Models of how TFA moves through the environment show that nearly all of it ends up in water (Garavagno et al., 2024).
Is TFA Dangerous?
Right now, TFA isn’t considered highly toxic. It doesn’t build up much in animal tissue, and it’s generally excreted quickly by humans, primarily by urine. But that doesn’t mean we should ignore it.
TFA has been found to affect plant growth, especially in algae and aquatic plants exposed to high levels. Some crop studies show that TFA can accumulate in plants like wheat and sunflower, though the long-term effects on food safety are still unknown.
In people, studies have found TFA in blood serum samples. One study in China detected it in more than 90% of participants. While the concentrations were low, it’s a sign that exposure is widespread. Scientists don’t yet know what the long-term health effects might be, especially with constant low-level exposure.
TFA in Plants and the Food Chain
TFA is taken up and retained in plant tissues, where it remains stable over time. Some studies have shown that TFA can be taken up by crops and accumulate in plant tissues (Garavagno et al., 2024).
So far, there’s no evidence that eating TFA-contaminated plants is harmful, but very little testing has been done. What we do know is that it doesn’t go away. It is unclear whether TFA transfers through the food chain, but its persistence in plants raises concern.
Can TFA Be Removed from Drinking Water?
Unfortunately, getting rid of TFA is very hard. Regular water treatment methods like those used at city water plants don’t work. TFA is too small and too stable to be removed by filtration, sedimentation, or chlorination.
Even methods that work on other PFAS chemicals, like activated carbon or ion exchange, aren’t effective against TFA.
The best current option is reverse osmosis, which forces water through a very tight membrane. Reverse osmosis is not widely used in public systems due to the cost, but many people have them in their homes.
Why TFA Is Difficult to Monitor
TFA is so small and soluble that it’s not easy to measure, even in labs. Unlike other PFAS chemicals, which are now routinely tested, TFA requires special equipment and preparation steps.
Most labs don’t test for it at all.

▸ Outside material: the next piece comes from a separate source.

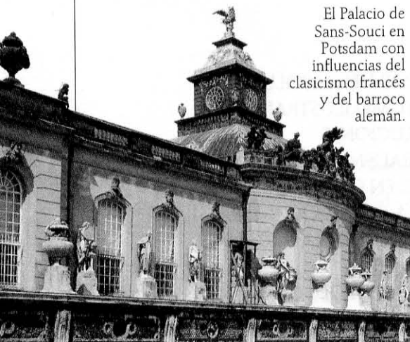
El Palacio de Sans-Souci en Potsdam con influencias del clasicismo francés y del barroco alemán.

La guerra civil • Los príncipes del Norte • La sublevación de los campesinos • El principado del Sur • La expansión de Vietnam

Even in the U.S., where PFAS testing has become more common, TFA is not on the EPA’s list of contaminants that public utilities are required to monitor. That means it could be in your water and no one would know.
This lack of monitoring is one of the biggest challenges. Without data, it’s hard to know where TFA levels are highest or how fast they’re rising. And without that information, regulators can’t act.

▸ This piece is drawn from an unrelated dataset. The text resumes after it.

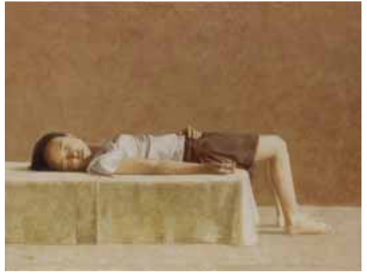
Puberteit, 85x120, € 9000,-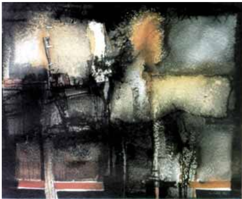
Kollár György: Ipari táj , 1984

Modeling the Future: What Projections Say
A model called STOCHEM-CRI has been used to estimate how different refrigerants contribute to TFA formation. It showed that newer refrigerants like HFO-1234yf and HFO-1234ze, although less harmful in terms of climate warming, produce high yields of TFA once they degrade.
Because these newer refrigerants break down faster and closer to where they’re released, TFA levels could spike in urban areas. As such, it’s likely we will see more TFA in rainwater, rivers, and potentially, drinking water supplies throughout the next few decades.
Should You Be Worried?
TFA isn’t the most dangerous contaminant out there, but it builds up, it spreads far, and we can’t remove it once it’s in our water.

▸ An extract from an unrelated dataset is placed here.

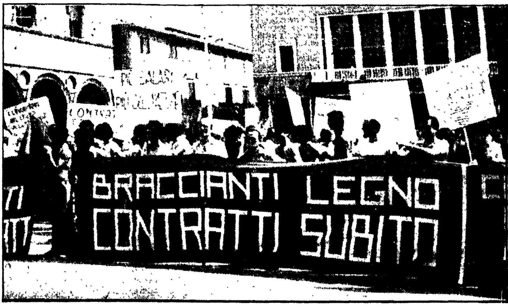
Un aspetto della manifestazione di braccianti e lavoratori del legno svoltasi ieri a Pesaro

If you live in an area that uses surface water for drinking, like lakes or rivers, you might want to consider using a home filtration system that includes reverse osmosis.
References:
- Boutonnet, J.C., Bingham, P., Calamari, D., Rooij, C.D., Franklin, J., Kawano, T., Libre, J.M., McCul-Loch, A., Malinverno, G., Odom, J.M. and Rusch, G.M., 1999. Environmental risk assessment of trifluoroacetic acid. Human and Ecological Risk Assessment: An International Journal, 5(1), pp.59-124.
- Cahill, T.M., 2022. Increases in trifluoroacetate concentrations in surface waters over two decades. Environmental Science & Technology, 56(13), pp.9428-9434.
- Garavagno, M.D.L.A., Holland, R., Khan, M.A.H., Orr-Ewing, A.J. and Shallcross, D.E., 2024. Trifluoroacetic acid: toxicity, sources, sinks and future prospects. Sustainability, 16(6), p.2382.